Streams and Special Values

It may not look like it at first glance, but Matcha is a strongly typed language. There is only one type, which is a stream. A stream holds a sequence of data and appears similar to a string in other programming languages, but it has enhanced features specific to Matcha. The name of every stream begins with a $ symbol

Matcha provides several built-in streams, such as the complete text that matched the pattern $MATCH, the current line number $LINE, the current column number $COLUMN, the Matcha version $VERSION and so on. Capture groups from regular expressions can be accessed with $1, $2, etc.

By convention built in streams are $UPPERCASE while user streams are $lowercase, though the language does not enforce this. Letters, numeric digits and underscores are the only characters permitted in stream names.

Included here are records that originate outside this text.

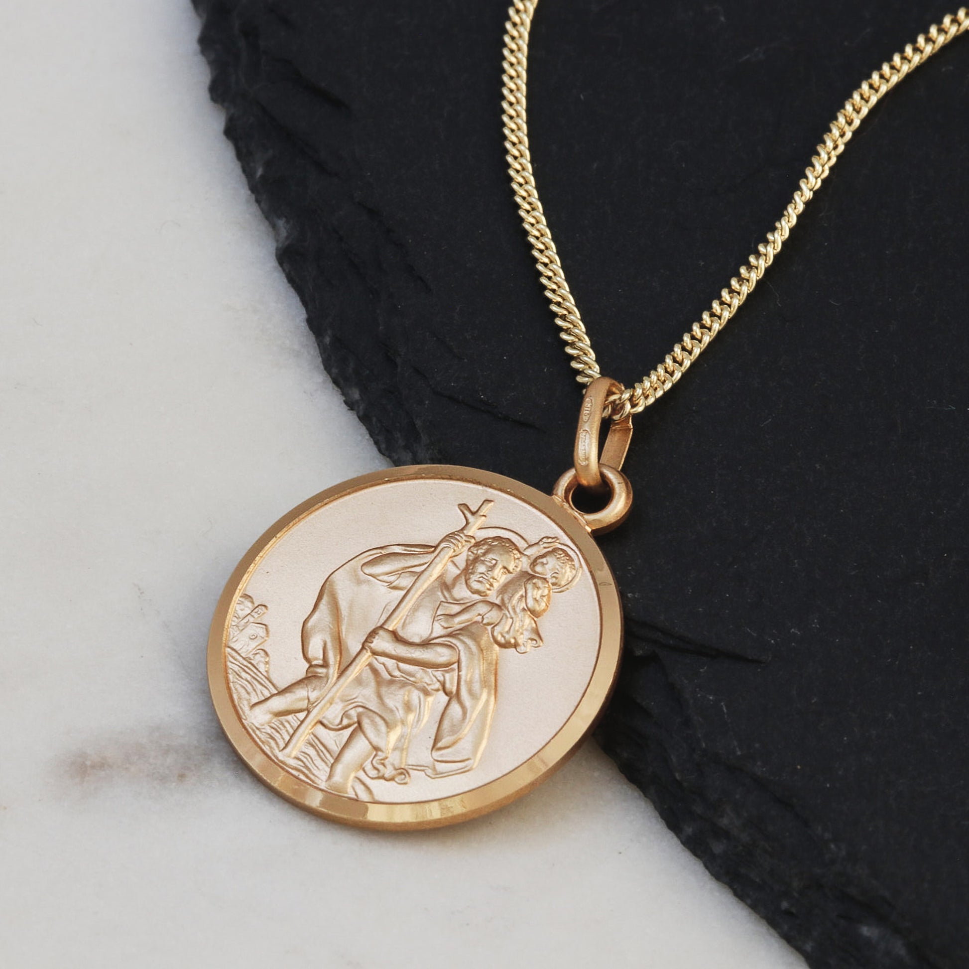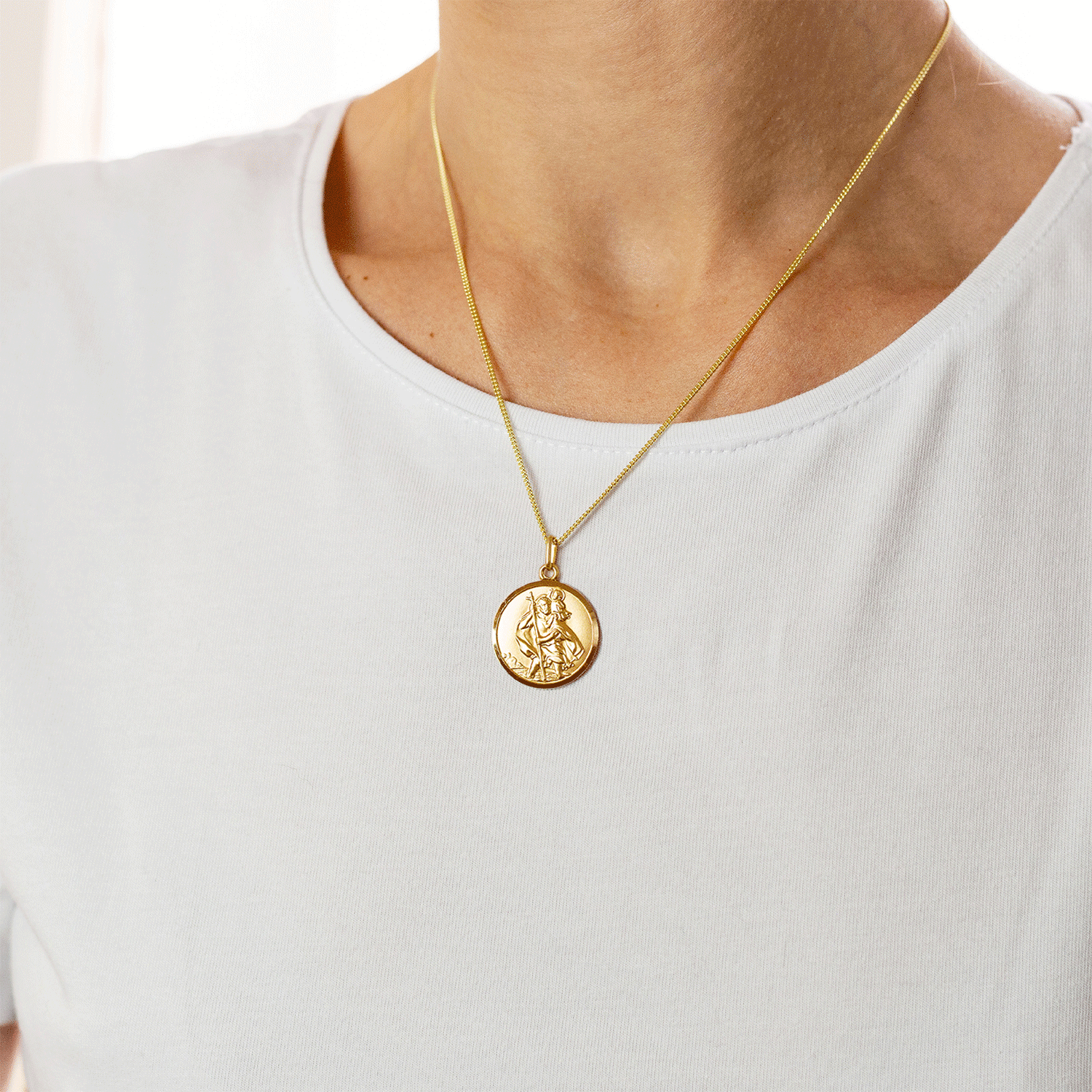 St Christopher, the patron saint of travellers, is depicted on the front of the gold pendant with intricate detail made possible by our precision stamping technique, while the back features a finely polished finish. This serves as a constant reminder of protection and safe journeys, a perfect gift for any adventurer.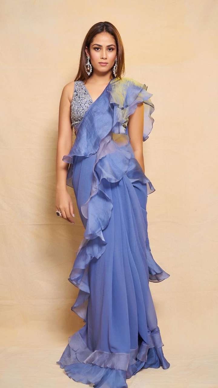 फिलहाल रफल साड़ी काफी ज्यादा ट्रेंड में चल रहीं हैं। अगर आप साड़ी कैरी करने का प्लान कर रहीं हैं तो रफल साड़ी लुक कैरी करें।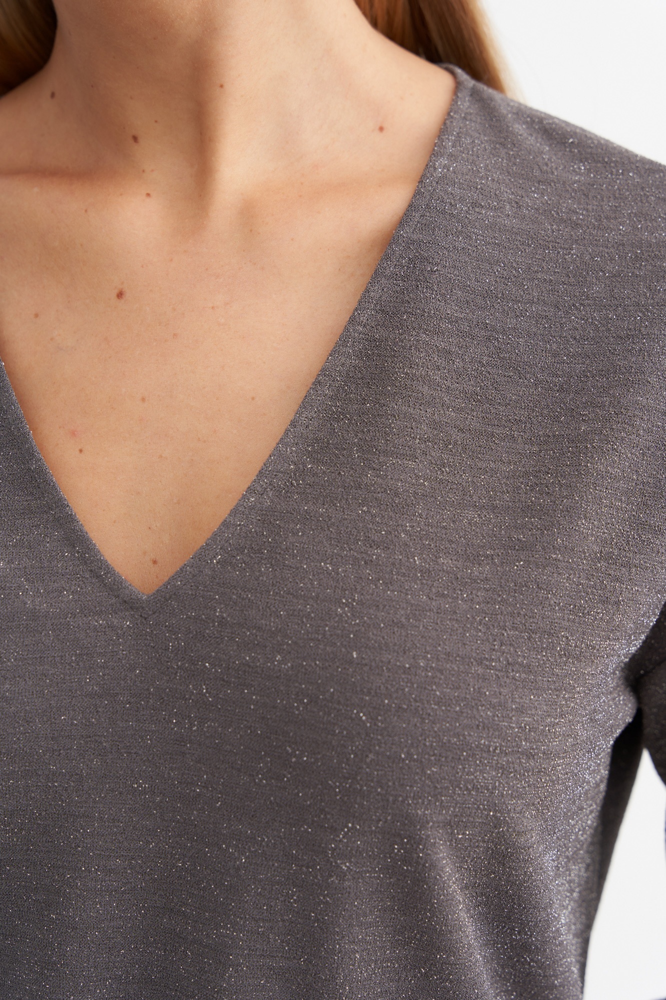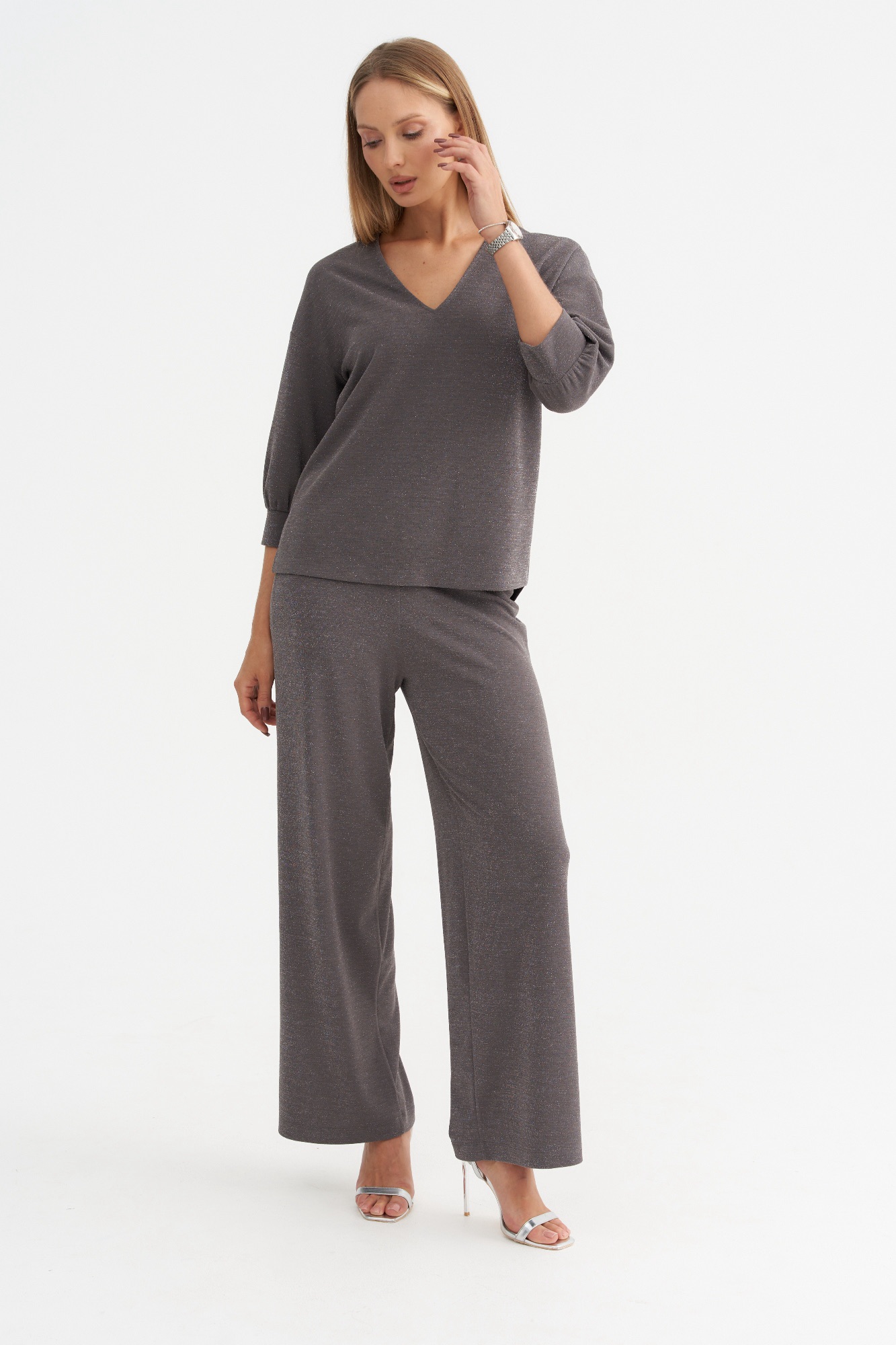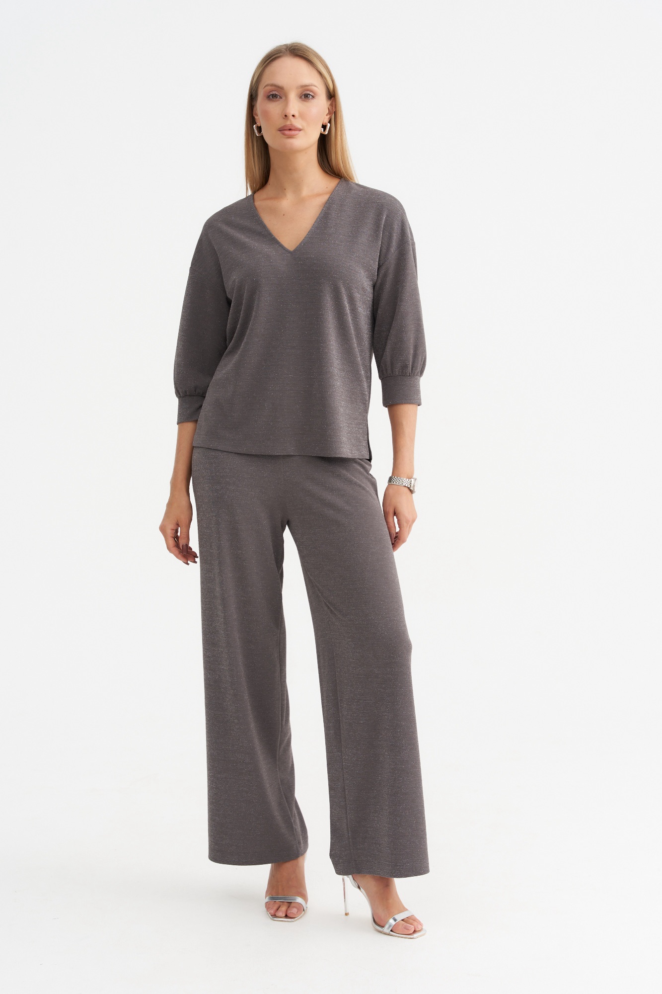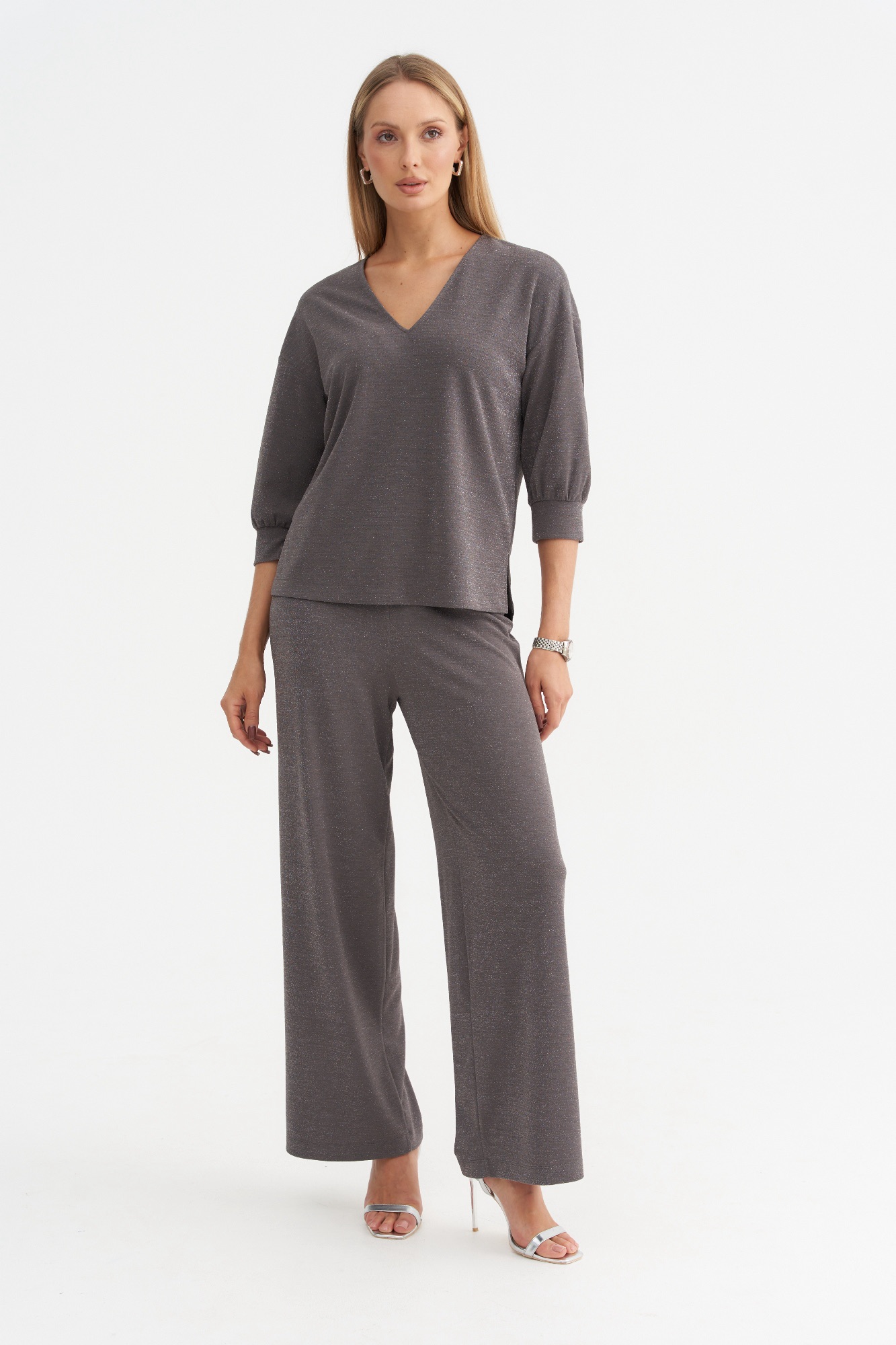 Блуза из трикотажа с люрексом отлично дополнит повседневный или праздничный образ. Модель с V-образным вырезом горловины и рукавом 3/4 на манжете. Блуза свободного прилегания с разрезами по бокам. Спинка удлиненная.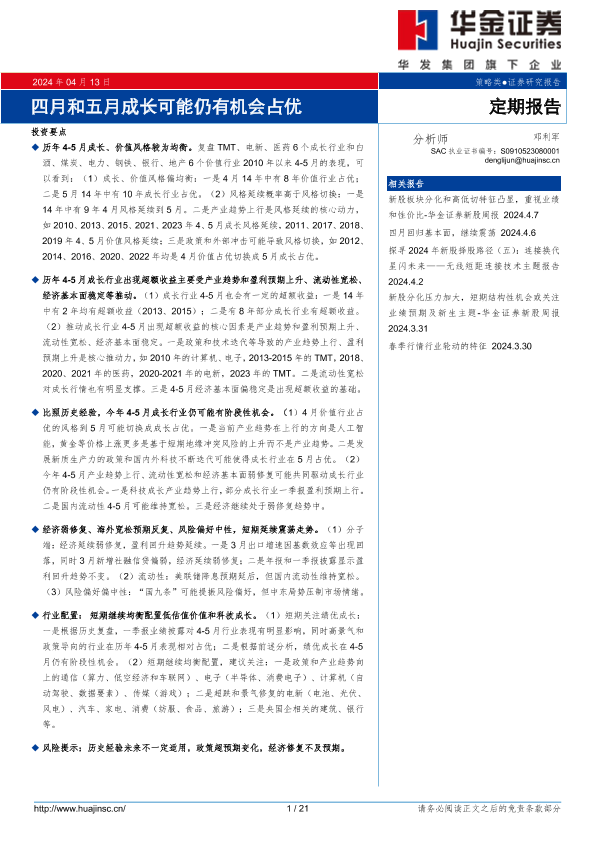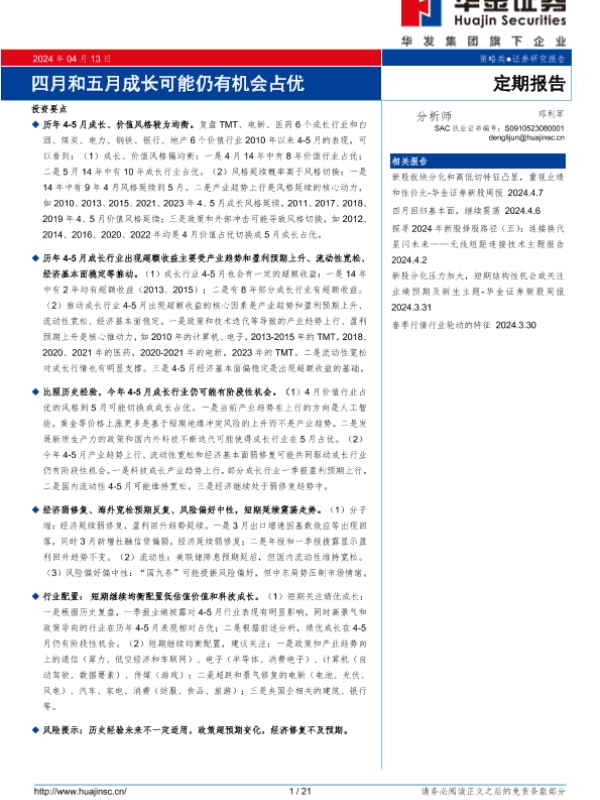 【华金证券】【20240413】定期报告:四月和五月成长可能仍有机会占优-21页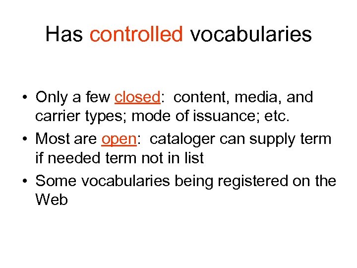 Has controlled vocabularies • Only a few closed: content, media, and carrier types; mode of issuance; etc. • Most are open: cataloger can supply term if needed term not in list • Some vocabularies being registered on the Web

Example - Simple Document Metadata Extraction

Here is a simple Matcha program to extract title, author and year of publication from a document header:

pattern ^
    print "Document Analysis:$NL"

pattern Title:\s*(.+)$
    set docTitle = $1
    print "Title: $docTitle$NL"

pattern Author:\s*(.+)$
    set docAuthor = $1
    print "Author: $docAuthor$NL"

pattern Date:\s*(\d{4})-(\d{2})-(\d{2})$
    print "Publication Year: $1$NL"
    print "Publication Month: $2$NL"

The Power of Data-Driven Programming in Matcha

The data-driven approach of Matcha offers several advantages:

  1. Simplified Logic: No need for complex control structures or state management - patterns and actions are all you need.
  2. Focus on Content: Programs center on the structure and content of the data, not algorithmic details.
  3. Declarative Clarity: Matcha programs read almost like specifications of what to find, making them easier to understand.
  4. Compact Solutions: Complex text processing tasks can often be expressed in just a few lines.
  5. Natural Parallelism: The pattern-based approach lends itself to potential parallel processing optimizations.

Use Cases for Matcha

Matcha is designed to excel in scenarios such as:

  • Data engineering
  • Log file analysis
  • Data extraction and transformation
  • Code generation
  • Document processing
  • Content enrichment
  • Parsing tasks
  • Text-based data mining
  • Data notation conversion

Conclusion

Matcha represents a refreshing departure from traditional programming paradigms. By embracing a data-driven approach with pattern matching at its core, it offers a unique and powerful way to process textual data. Whether you're analyzing logs, extracting information, or transforming content, Matcha's declarative style allows you to express your intent concisely and clearly. As you explore Matcha, you'll discover the elegance of letting the data itself guide your program's execution path, freeing you to focus on what you want to find rather than how to find it.